▶ [INSTRUCTIONS FOR THE TASK]: Skip all pictures. Write out the data below from its first line through the line that contains "ErgoNotes - простая".

▶ [SOURCE DATA]:
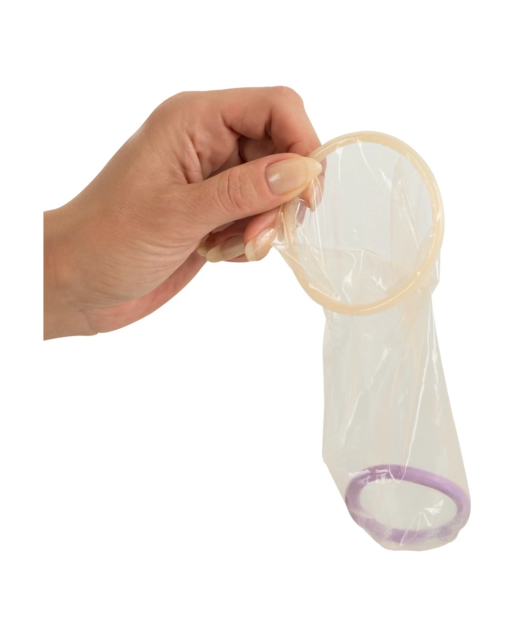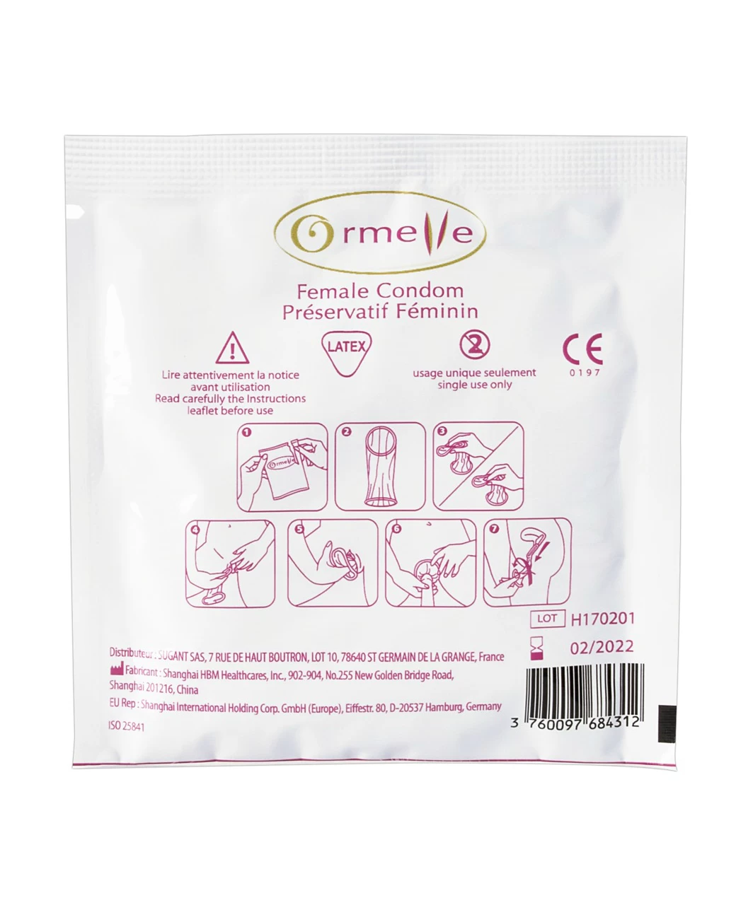Unlike male condoms, female condoms do not restrict the male penis, but are spread in the vagina, providing quality protection and more opportunities for comfortable sex. The transparent lubricated female condom is made of a latex pouch that has an integrated, outer round edge and an elastic plastic ring at the other end, which makes sure that the pouch stays in the vagina. Female condoms should be used with water or silicone based lubricants. Includes illustrated instruction manual.
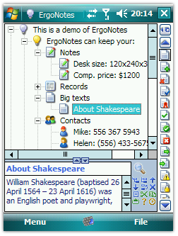 ErgoNotes - простая но мощная программа, помогающая управлять Вашими заметками (или любой другой информацией) для организации их в древовидной структуре.
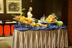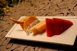 有幸参加美食网站的试吃活动,这次活动可是在高大上的元一希尔顿五星级酒店哦。虽然天公不作美但是不能阻挡我想要尝试美食的心情。地铁下来还叫了一辆摩的地理位置比较偏啊。今天的活动安排在粤轩中餐厅,好大的一个包房啊,简直就是接待重要宾客的场所,感觉档次一下子上去了。大大的圆形餐桌中心放置了很多的鲜花,有我最喜欢的香水百合呢!酒店也很重视这次的新菜试吃活动,派出了酒店的有关人员一起陪同,边进餐边为我们介绍每道菜的名称,食材,做法及功效。显示出他们对活动的重视程度。在等待的过程中有专门的礼仪小姐为我们鲜榨果汁,芒果、西瓜、哈密瓜等等。前菜:牡丹河虾仁、鸳鸯萝卜卷、冰镇黄酒鸡、香芒烧鸭脯造型别致,用材讲究,有开胃之功效。个人最喜欢香芒烧鸭脯,芒果香味融入鸭脯中别有一番滋味。主菜:川贝海底椰黄耳汤:汤色清冽滋补,口感醇厚。白雪藏龙:选用海南小青龙,红色的小青龙凹着造型,边上的白色粉嫩的虾肉突出了粤菜清谈爽口的特色。烧汁煎澳洲和牛扒:采用进口澳洲和牛,肉色红润只是稍稍老了一些。金华玉树蒸星斑片:新鲜的东星斑的确是好味道,鱼肉的自身鲜味让人赞不绝口了。杞子松茸浸津白:红色的枸杞、黄色的娃娃菜,配以淡红色的松茸颜色搭配协调,营养价值很高,汤汁鲜美无比。黄金脆米富贵浓虾汤:用的是泰国香米先经过烹炸,再将汤汁浇入,咬上去香脆可口。甜品:木瓜蔓越莓炖桃胶:养眼美容最适合女孩子来享用了。新菜套餐人均996的套餐+15%的服务费,价格不菲啊!总体感觉:食材用心造型独特,回味无穷齿颊留香,传承粤菜之经典。查看更多

▶ [SOLUTION FOR THIS EXERCISE]:
Unlike male condoms, female condoms do not restrict the male penis, but are spread in the vagina, providing quality protection and more opportunities for comfortable sex. The transparent lubricated female condom is made of a latex pouch that has an integrated, outer round edge and an elastic plastic ring at the other end, which makes sure that the pouch stays in the vagina. Female condoms should be used with water or silicone based lubricants. Includes illustrated instruction manual.
 ErgoNotes - простая но мощная программа, помогающая управлять Вашими заметками (или любой другой информацией) для организации их в древовидной структуре.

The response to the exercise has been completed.